Изменить стиль страницы

Жеребец ловко перескакивал через колючие сплетения ветвей, спасал ноги от шипов, и шагом, мерно покачивая, нес хозяина, погруженного в какиё-то свои мысли.

Из виноградника послышались громкие голоса.

Эрмана что-то доказывал Иосифу Вардуашвили и в подкрепление своих доводов усиленно размахивал руками.

Нико заинтересовался их спором и повернул лошадь к рядам виноградных кустов. Только он собирался въехать в междурядье, как появился еще один человек и подошел к спорящим.

Председатель узнал бывшего бригадира, сдвинул с неудовольствием брови и повернул коня назад, на тропинку.

«Правильно я сделал, что вернул Сико к его пастве и передал бригаду Эрмане. Двух зайцев убил сразу: теперь и Эрмана мне благодарен, и виноградники в опытных руках».

Конь выбрался на поле, усеянное камнями. Когда-то здесь протекала Берхева. Теперь поле поросло бородачом и куколью, но среди травы виднелись серые камни и валуны, напоминавшие о прежних временах.

Стук подков вывел Нико из задумчивости. Он посмотрел на запаханный и забороненный клин, где недавно еще топорщился дремучий ежевичник, и долго не сводил с него взгляда.

Сколько раз и ему самому приходило в голову выжечь эти непроходимые заросли, но почему-то он ни разу даже разговора такого не заводил. А комсомольцы приписали себе эту заслугу — расширение пахотной площади колхоза. Немного, правда, каменисто, но зато — целина, полная сил и соков земля; несколько лет будет давать изрядный урожай. А потом пойдет под удобрение, не останется бесплодной.

Жеребец миновал ежевичник и пошел по проселку среди полей.

День был мглистый, необычно теплый для конца октября. Пашни были черны как деготь. Над ними застыл какой-то обесцвеченный лиловато-серый воздух. В вышине медленно описывал круги одинокий ястреб. Временами он повисал над одним каким-нибудь местом и довольно долго пребывал в неподвижности. Потом снова начинал кружить. Вдруг ястреб сложил крылья и пулей устремился вниз. Лишь чуть коснувшись грудью вспаханной земли, он снова круто взмыл к небу и поплыл в воздухе. Сверху послышался безнадежный, слабый писк.
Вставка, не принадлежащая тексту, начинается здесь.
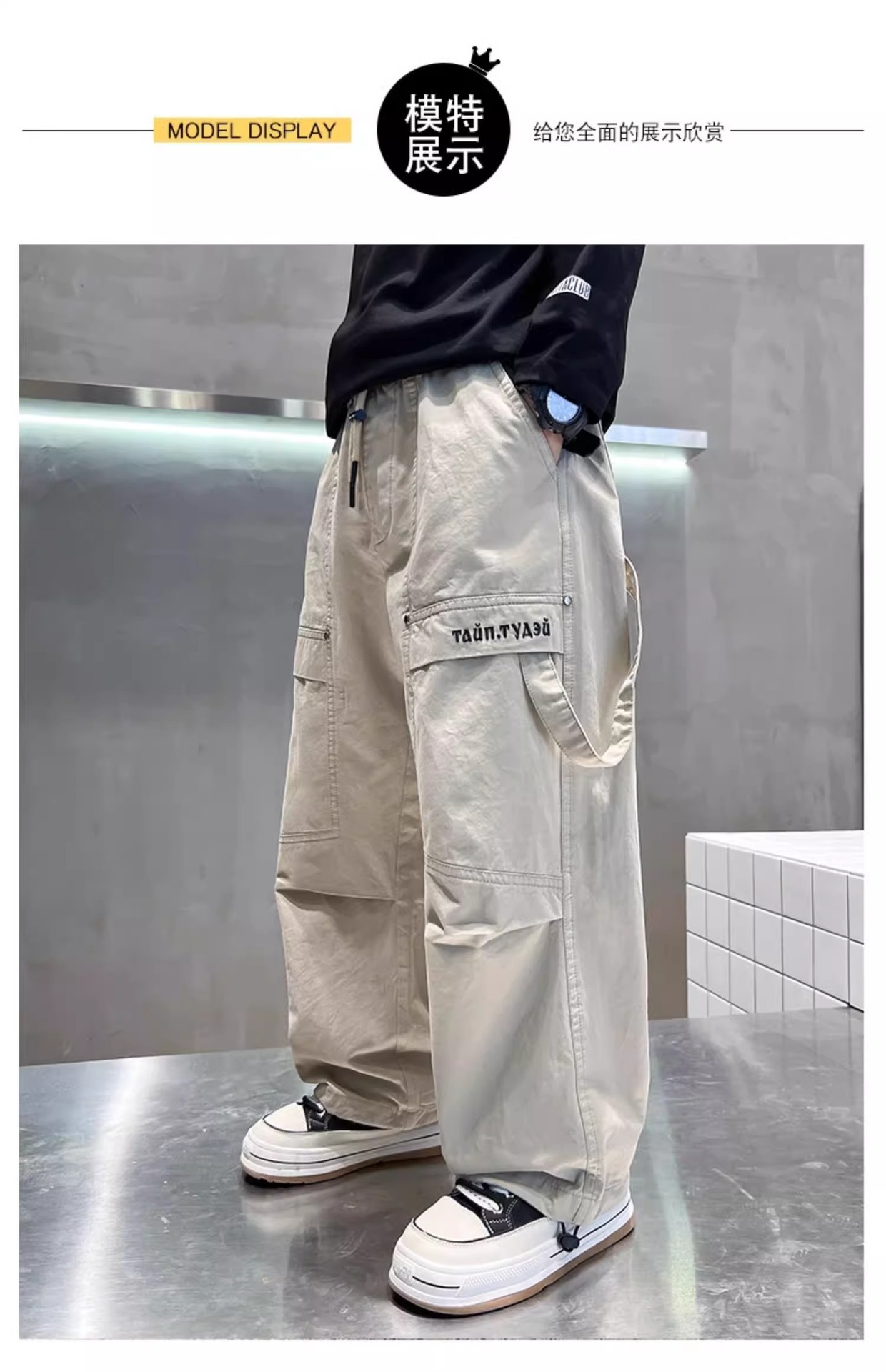 소년 서양식 바지 봄과 가을 2024 새로운 어린이 스트레이트 캐주얼 바지 큰 어린이 가을 크레인 바지

«Знойное было лето, расплодились мыши в поле, — подумал председатель. — Надо выделить еще несколько Человек для борьбы с полевками, а то испортят все посевы».

Пониже пашен переливались светлой зеленью ранние всходы. В конце зеленеющего поля виднелись выстроившиеся цепью женщины-полольщицы.
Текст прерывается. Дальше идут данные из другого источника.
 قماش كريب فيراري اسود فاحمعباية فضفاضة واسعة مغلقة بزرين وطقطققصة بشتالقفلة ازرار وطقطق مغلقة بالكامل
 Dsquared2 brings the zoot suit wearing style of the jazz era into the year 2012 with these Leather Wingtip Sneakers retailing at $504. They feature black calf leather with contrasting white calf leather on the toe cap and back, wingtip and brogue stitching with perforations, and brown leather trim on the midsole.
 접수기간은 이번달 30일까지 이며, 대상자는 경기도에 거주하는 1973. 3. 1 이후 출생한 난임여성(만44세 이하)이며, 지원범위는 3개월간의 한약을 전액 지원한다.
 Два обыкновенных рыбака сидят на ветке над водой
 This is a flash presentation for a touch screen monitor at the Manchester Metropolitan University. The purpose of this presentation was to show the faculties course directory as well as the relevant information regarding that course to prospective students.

«Засуха и град! Град и засуха! Не бывает такого года, чтобы или солнце не сожгло мои поля, или не ударил где-нибудь град. Права Русудан. Пока мы не примемся основательно за сев по жнивью, за зимние корма нельзя будет поручиться. Нынешним летом засуха помешала, а на будущий год… Эх, кто знает, что принесет будущий год! На ферме не хватает коров, а план с каждым годом все увеличивается и увеличивается. Нет, надо во что бы то ни стало закупить еще коров у колхозников и служащих, а то снова ударю лицом в грязь, окажусь в районе среди отсталых. А овец на зимние пастбища я отправил слишком рано. Но что же было делать — не загонять же их в виноградники общипывать кусты! А луга все пересохли, сгорели от жары. Впрочем, может, так оно и лучше — окот наступит раньше, ягнята успеют подрасти, окрепнуть, и при перегоне с зимних на летние пастбища меньше будет урону».

Председатель колхоза насмешливо сощурил глаза и, ухмыляясь, расправил большим пальцем усы.
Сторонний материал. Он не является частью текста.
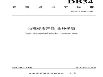 DB34/T 2049-2014 地理标志产品 金种子酒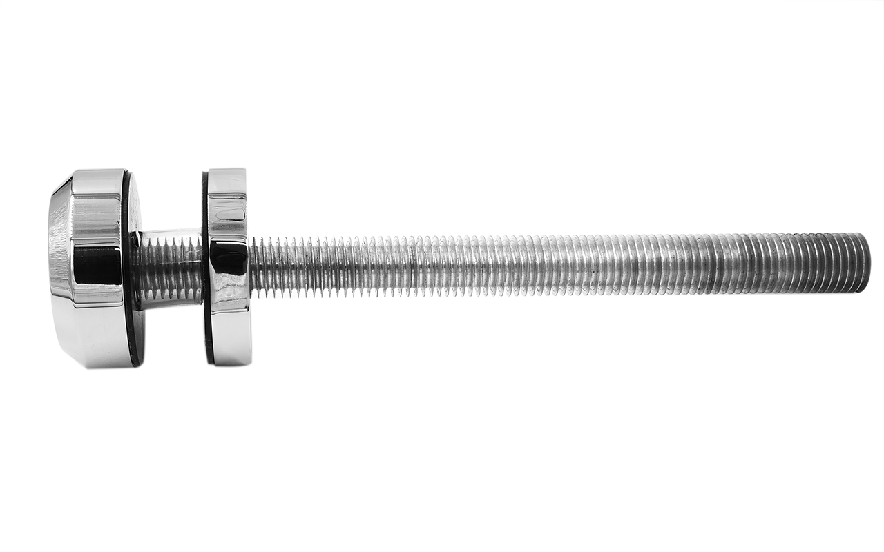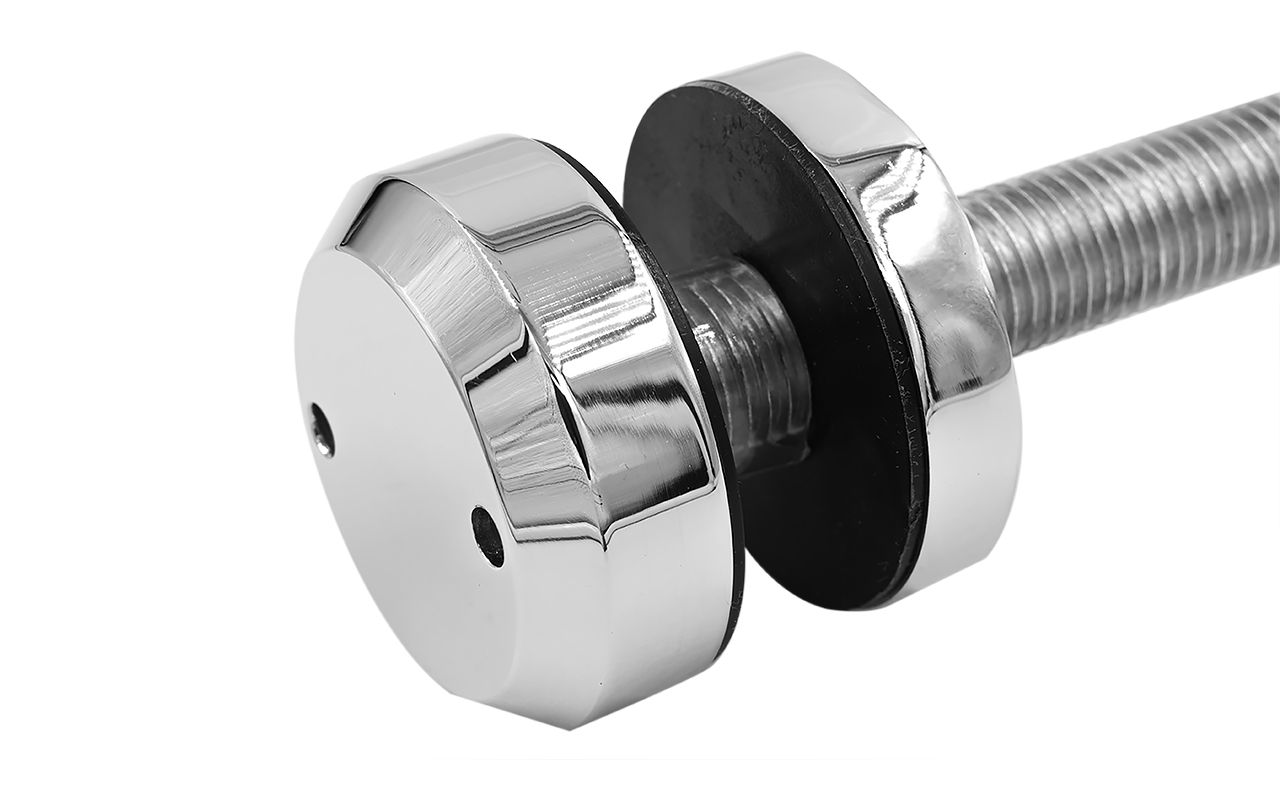 Стеклодержатель Ø50х10х18, шпилька М16х205 мм, для стекла 8-40 мм, с возможностью регулировки выноса до 65 мм, для торцевого крепления стекла, полированный, литой, точечный.

«Что это еще выдумали зоотехники и ветврачи — искусственное оплодотворение! Разве природа дура? Как ею установлено, так, по-видимому, и нужно, так вернее. Для природы мы все — люди, животные, насекомые — одно, и она обо всех заботится в равной мере. Ну ладно, овцематка после окота, скажем, все же наслаждается своей материнской любовью, заботой о своем отпрыске его лаской. А бедняги бараны чем провинились, за что мы их единственного наслаждения лишаем?»

Из-за поворота, скрытого рощицей, окаймлявшей Берхеву, выехала грузовая автомашина. Поравнявшись с председателем колхоза, она остановилась. Из кабины высунулся Лексо.

Председатель глянул на Дата, сидевшего в кузове, полном кукурузных початков.

— Что это ты домой собрался?

— А разве я волк, чтобы ночью в поле валяться?

— Кукурузу собранную караулить не нужно?

— Нужно. И караульщики у нее есть.

— Оставили там кого-нибудь?

— Да весь народ там, срезают стебли.

— Я не о народе спрашиваю. Кукурузу караулит кто-нибудь?

— Дедушка Гига сказал: уезжай, я тут побуду.

— Гм! — буркнул председатель. — Чего ты взгромоздился на самый верх, разве нет места в кабине?

— Что я, окорок? Зачем мне в этой кабине коптиться?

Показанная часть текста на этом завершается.